In general, the more indices a tensor has, the more degrees of freedom it represents. This means that tensors can compactly represent very high-dimensional data.
For example, an image with a million pixels can be represented as a tensor with only two indices: width and height. By contrast, if we were to represent this image as a matrix, it would have one million indices!
Tensors also make many operations easier to perform than if we were working with matrices. In particular, tensors are easily manipulated using automatic differentiation software like TensorFlow and PyTorch.

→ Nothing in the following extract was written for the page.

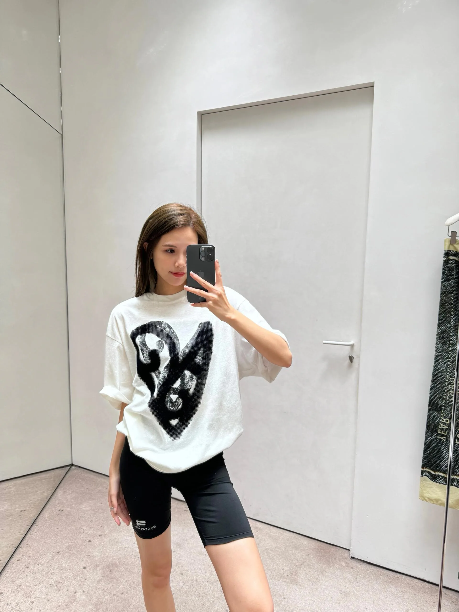 Футболка выполнена в черном цвете и украшена ярким рисунком в виде ретро сердечек и граффити, что придает ей необычный и выделяющийся вид. Такой стильный принт идеально подойдет для тех, кто хочет выразить свою индивидуальность и привнести в повседневный образ нотку креативности.

This software can automatically compute the gradient of a tensor with respect to any other tensor.
So what does all this mean for deep learning?
Deep learning models are often described as being composed of layers. Each layer takes some input data, transforms it in some way, and outputs transformed data.
The most common type of layer is the fully connected layer, which takes a vector as input and outputs a new vector. But there are many other types of layers, including convolutional layers, pooling layers, and recurrent layers.
Layers are usually parameterized by tensors. For example, a fully connected layer is typically parameterized by two tensors: a weight matrix and a bias vector. When we apply this layer to an input tensor, we multiply the input by the weight matrix and add the bias vector.
Tensors are also used to represent the weights of neural networks. A weight tensor is simply a tensor that is used as a parameter in a layer. When we train a neural network, we need to optimize the values of these weight tensors to minimize some loss functions.
To summarize, tensors are data structures that you can think of as multi-dimensional arrays. They’re used extensively in linear algebra, and they’re what make deep learning possible. If you understand how they work, you’ll be well on your way to understanding deep learning!